[DATA — start]

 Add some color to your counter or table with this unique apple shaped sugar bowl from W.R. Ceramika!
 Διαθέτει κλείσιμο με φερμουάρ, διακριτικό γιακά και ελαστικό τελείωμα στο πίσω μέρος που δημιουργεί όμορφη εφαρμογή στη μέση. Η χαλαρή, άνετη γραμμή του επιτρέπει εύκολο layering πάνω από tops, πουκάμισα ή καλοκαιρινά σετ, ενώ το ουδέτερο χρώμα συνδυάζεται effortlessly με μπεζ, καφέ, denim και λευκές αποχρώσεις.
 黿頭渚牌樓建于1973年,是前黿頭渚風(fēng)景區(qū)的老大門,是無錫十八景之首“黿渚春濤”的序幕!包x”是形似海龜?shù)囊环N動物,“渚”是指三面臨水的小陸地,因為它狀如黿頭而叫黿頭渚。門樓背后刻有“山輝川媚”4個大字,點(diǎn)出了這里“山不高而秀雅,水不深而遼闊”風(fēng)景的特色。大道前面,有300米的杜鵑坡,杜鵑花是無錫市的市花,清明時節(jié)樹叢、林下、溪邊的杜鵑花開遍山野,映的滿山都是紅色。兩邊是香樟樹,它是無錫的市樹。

[DATA — finish]
[DATA — start]

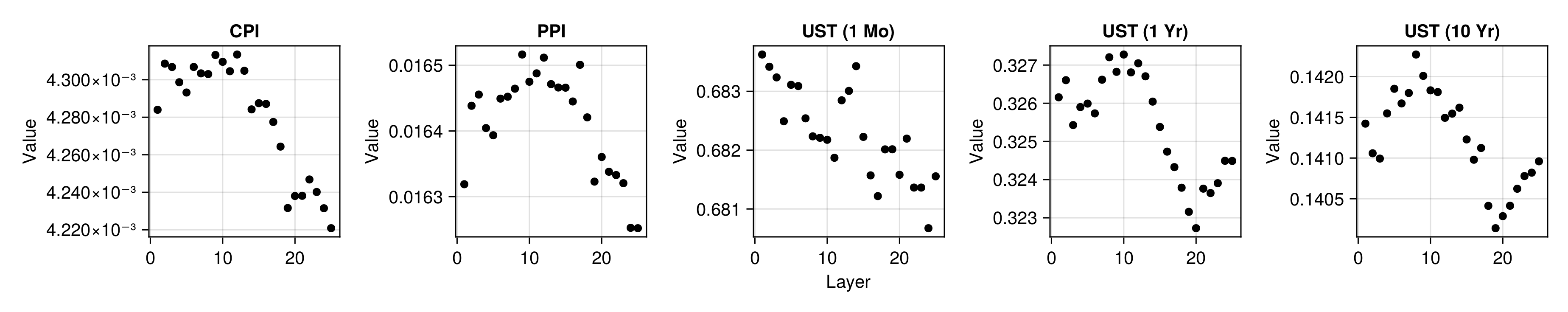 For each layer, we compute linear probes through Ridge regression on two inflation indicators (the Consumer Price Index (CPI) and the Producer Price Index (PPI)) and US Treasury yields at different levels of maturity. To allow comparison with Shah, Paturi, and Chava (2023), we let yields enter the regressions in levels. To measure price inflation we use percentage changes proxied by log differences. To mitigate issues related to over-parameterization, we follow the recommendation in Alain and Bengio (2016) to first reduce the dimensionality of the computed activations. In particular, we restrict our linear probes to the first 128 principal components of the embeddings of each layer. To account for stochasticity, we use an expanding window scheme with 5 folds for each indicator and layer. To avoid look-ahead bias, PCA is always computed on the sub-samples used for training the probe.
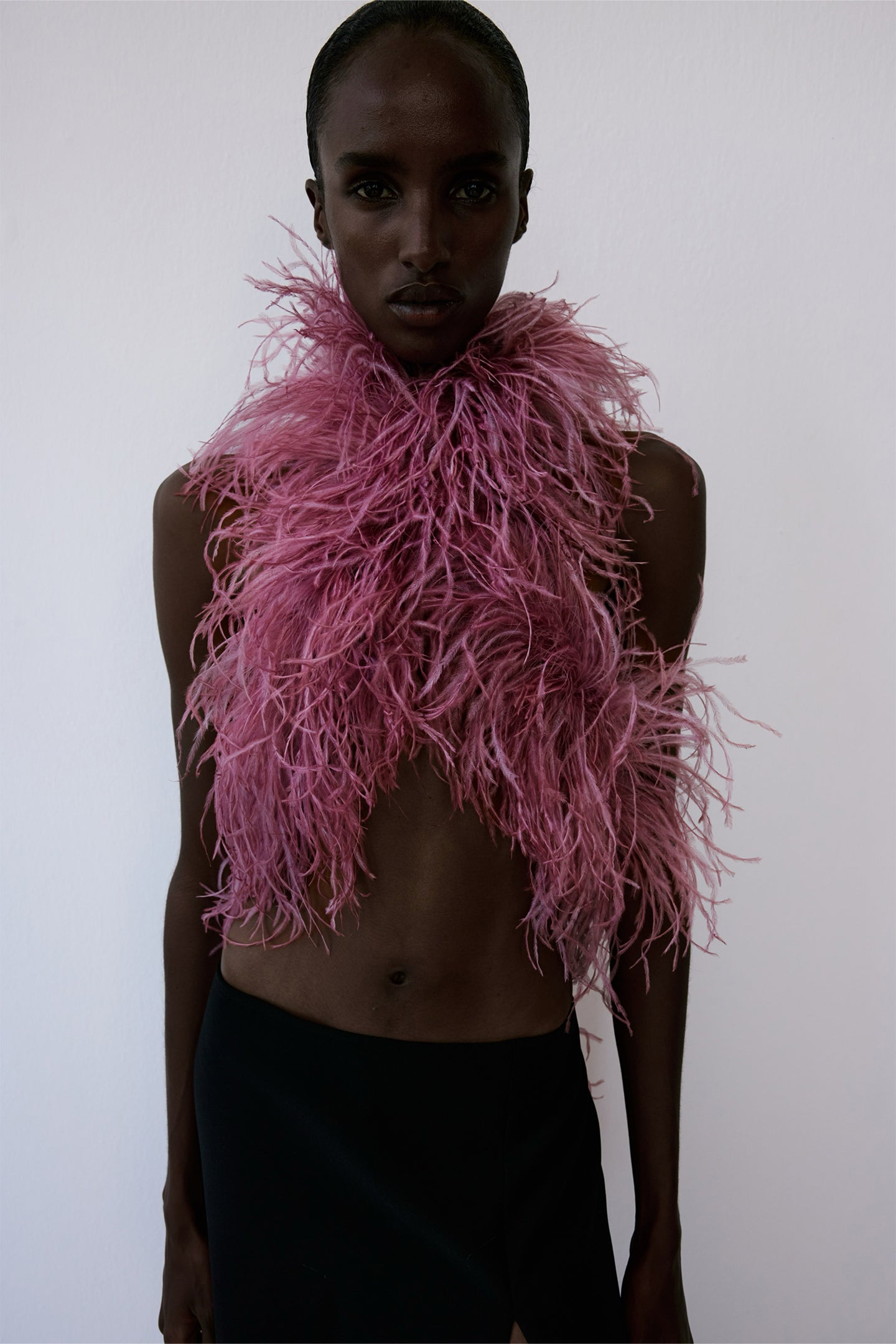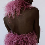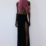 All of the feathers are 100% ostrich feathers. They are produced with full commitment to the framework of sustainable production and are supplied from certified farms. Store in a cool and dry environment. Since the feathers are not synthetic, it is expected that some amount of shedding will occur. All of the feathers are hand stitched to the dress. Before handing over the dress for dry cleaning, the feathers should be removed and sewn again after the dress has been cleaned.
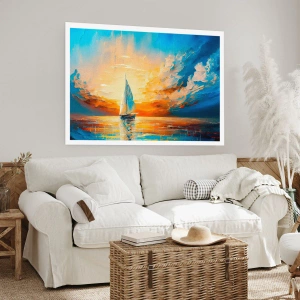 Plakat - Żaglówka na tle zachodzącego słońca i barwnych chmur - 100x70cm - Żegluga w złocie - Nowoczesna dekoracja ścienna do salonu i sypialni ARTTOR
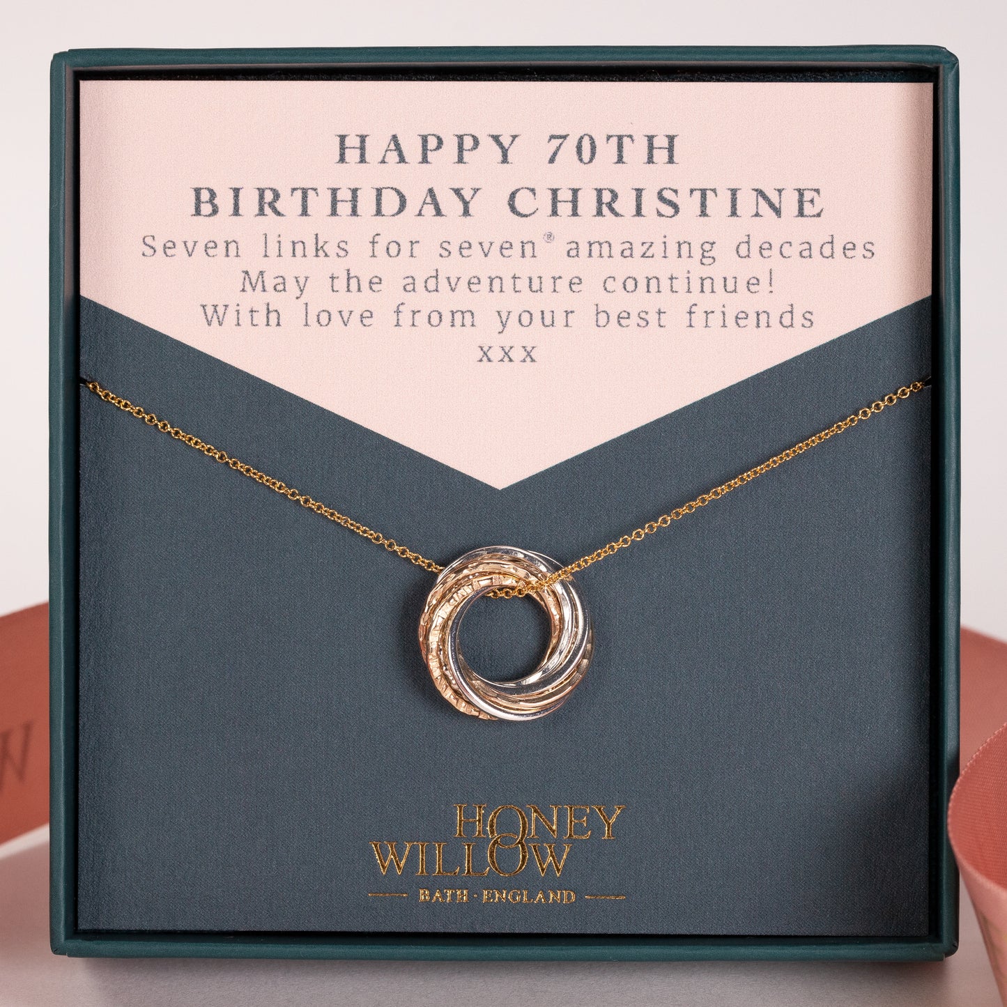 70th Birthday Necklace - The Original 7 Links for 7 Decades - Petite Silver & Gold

[DATA — finish]

EXERCISE: Using the material above, reproduce only the lines that run from the line with "Plakat - Żaglówka" up to and including the line with "70th Birthday Necklace", exactly, with the pictures dropped.

TASK OUTPUT:
 Plakat - Żaglówka na tle zachodzącego słońca i barwnych chmur - 100x70cm - Żegluga w złocie - Nowoczesna dekoracja ścienna do salonu i sypialni ARTTOR
 70th Birthday Necklace - The Original 7 Links for 7 Decades - Petite Silver & Gold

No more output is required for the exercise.